I am studying the language racket and trying to grasp what call/cc is actually for. Could someone please explain it in simple words and give an example or two? Thanks.
If you have an expression (+ (* 2 3) (/ 10 2))
a Scheme system will not evaluate everything at the same time but in parts. The order is not specified in Scheme but lets imagine it's from left to right (I think Racket always do left to right):
You do (* 2 3)
, the continuation to that would be to compute (/ 10 2)
, then (+ result1 result2)
. The way a Scheme system can do this is by transforming your code to Continuation passing style before execution. The expression above turns into something like this:
(lambda (k)
(*& 2
3
(lambda (result1)
(/& 10
2
(lambda (result2)
(+& result1 result2 k))))))
Now, the procedures with &
in the end are the same as in Scheme except it takes a continuation as it's last argument. An example of one of these: (define (+& a b k) (k (+ a b)))
. All the others are done just like that and are considered primitives.
if you apply that and pass display
or values
it will either display or evaluate to 11.
However, if you used call/cc
you could override that. Imagine this variant:
(call/cc (lambda (k) (+ (* 2 3) (/ 10 (if (zero? a) (k +inf.0) a))
In Scheme you get an error when dividing with zero and if that happens you want to call off the rest of the calculations and say the result is infinite. The code above does that and if a
is zero it won't sum the results from the two previous calculations.. It actually acts as a GOTO. A CPS version of that code would look something like this:
(lambda (k)
(*& 2
3
(lambda (result1)
(zero?& a
(lambda (azero?)
(if azero?
(k +inf.0) ; continuation used here
(/& 10
a
(lambda (result2)
(+& result1 result2 k))))))))) ; and here
So what does call/cc
do? Well it lets you code your usual way and not CPS like how the computer does the actual computation but you get the best of two worlds by getting hold of the continuation so that you can do the same as if you had written it in CPS.
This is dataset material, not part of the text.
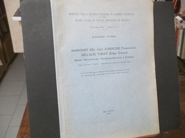 AMMONITI DEL LIAS SUPERIORE TOARCIANO DELL'ALPE TURATI ERBA COMO - MEMORIE DELLA SOCIETà ITALIANA DIN SCIENZE NATURALI E DEL MUSEO DI STORIA NATURALEDI MILANO --VOLUME XIII - FASC. II
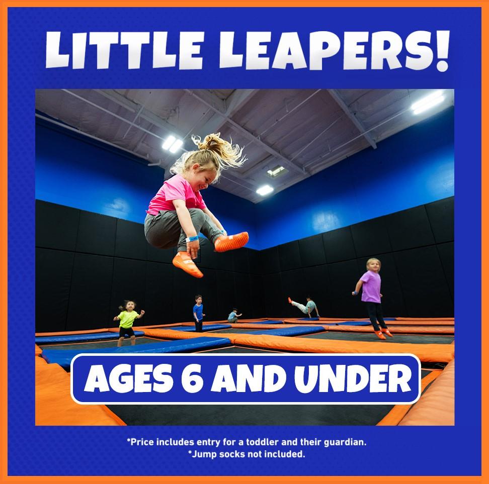 Little Leapers is a special time reserved for our youngest Guests (6 and under) to explore, learn, and grow as they play. With a mix of structured activities and free play, you will love watching your child bounce, climb and laugh while developing important social skills like sharing and teamwork.

Now, imagine this code block:
(let* ((c 10)
(r (call/cc (lambda (exit) exit))))
(display "Hello\n")
(cond ((zero? c) 'done)
(else (set! c (- c 1))
(r r))))
Here you see I return the continuation as r
. The continuation is the rest of the calculations starting with setting r
, then doing display
... This actually displays "hello\n" 11 times since when you call the continuation in the bottom it does the same all over again.
Just like eval
I do try to keep this at an absolute minimum and when I do I usually do it to get an abort from a on going computation. Eg.
(define (lstadd1 lst)
(call/cc (lambda (exit)
(let loop ((lst lst))
(cond ((pair? lst) (cons (add1 (car lst)) (loop (cdr lst))))
((null? lst) '())
(else (exit #f))))))) ; not proper
(lstadd1 '(1 2 3)) ; ==> (2 3 4)
(lstadd1 '(1 2 . 3)) ; ==> #f
For more examples I love Matt Mights page with lots of examples on how to use continuations.